Parish Finance Councils

 Introduction: Since 1983, the Code of Canon Law (c. 537) requires that “each parish is to have a finance council which is regulated by universal law as well as by norms issued by the diocesan bishop; in this council the Christian faithful, selected according to the same norms, aid the pastor in the administration of parish goods.” This canon makes it clear, however, that the finance council does not substitute for the pastor as the chief administrator and legal representative of the parish’s goods and refers to canon 532 which charges the pastor to care for the parish’s goods and to represent the parish in all juridic affairs.
 

Application: The finance council serves in a critical advisory and consultative role to the pastor in all business affairs of the parish. It should be memorialized at the parish level through a charter which addresses matters such as its purpose, membership, term of office and vacancies, officers and duties, meetings and voting. An active finance council is an important goal with meetings to be held regularly, at least on a quarterly basis. A record of meetings should be maintained on file documenting the main topics discussed and any votes taken.

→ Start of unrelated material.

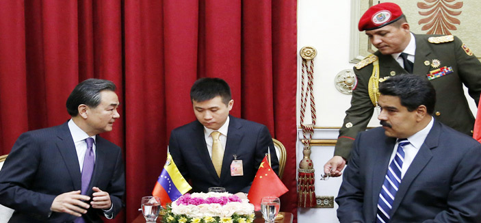 - رئيس فينزويلا نيكولاس مادورو خلال استقباله وزير خارجية الصين في العاصمة كراكاس ... رويترز
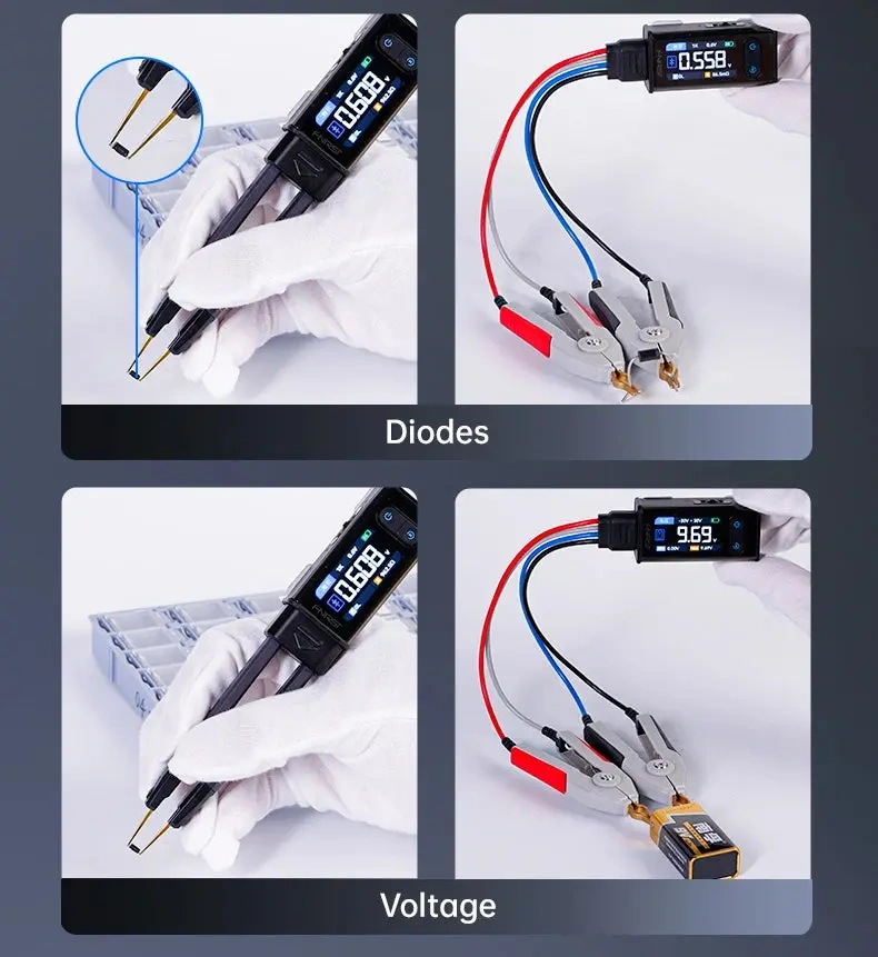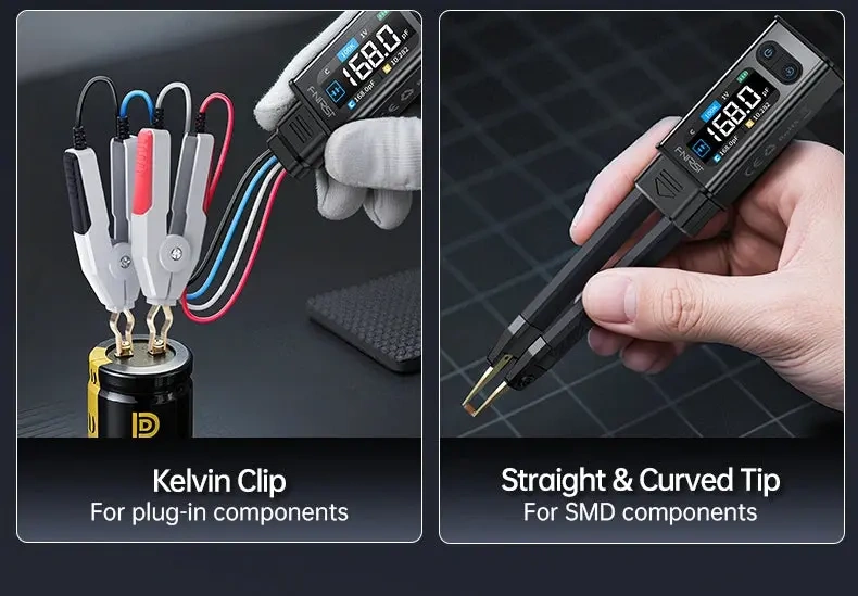 FNIRSI® LCR-ST2 to cyfrowa pęseta pomiarowa LCR/ESR (tzw. LCR tweezer), która łączy w jednej konstrukcji szybkie testowanie SMD oraz dokładniejszy pomiar metodą Kelvina (4-przewodową) przy użyciu dołączonego klipsa. Urządzenie służy do pomiaru rezystancji, pojemności, indukcyjności oraz ESR, a także do testu diod i pomiaru napięcia do ±30 V. To praktyczne narzędzie do serwisu elektroniki, kontroli jakości, selekcji elementów oraz pracy na stanowisku montażowym.

Responsible financial management requires that the finance council, in concert with the pastor, maintain vigorous oversight of the financial affairs of the parish. Together, they should regularly oversee the accounting function and its work product including budgets and financial statements reflecting income and expenses, parish savings and indebtedness. They should regularly evaluate operating and capital requirements, as well as assess the condition of the physical plant and plan for improvements.

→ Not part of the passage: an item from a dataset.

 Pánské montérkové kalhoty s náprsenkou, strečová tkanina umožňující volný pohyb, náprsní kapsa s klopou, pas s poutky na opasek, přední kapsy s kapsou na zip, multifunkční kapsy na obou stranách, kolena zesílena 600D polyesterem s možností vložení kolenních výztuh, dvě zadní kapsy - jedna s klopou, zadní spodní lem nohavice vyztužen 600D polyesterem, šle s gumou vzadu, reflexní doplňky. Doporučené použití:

Internal controls, which are vital to the effective and efficient operations of the parish, normally rely to a large extent on the adequate separation of accounting duties among staff personnel. However, with limited staff or an accounting staff of one, such separation may be difficult to achieve. Under these circumstances, the pastor and finance council can compensate for such a deficiency through diligent oversight.

Finally, the finance council should assist the pastor in the regular reporting of the parish financial results. A comprehensive report is an important element of accountability and transparency and is required to be submitted to the Pastoral Center on a quarterly basis and to the parish community as a whole at least annually.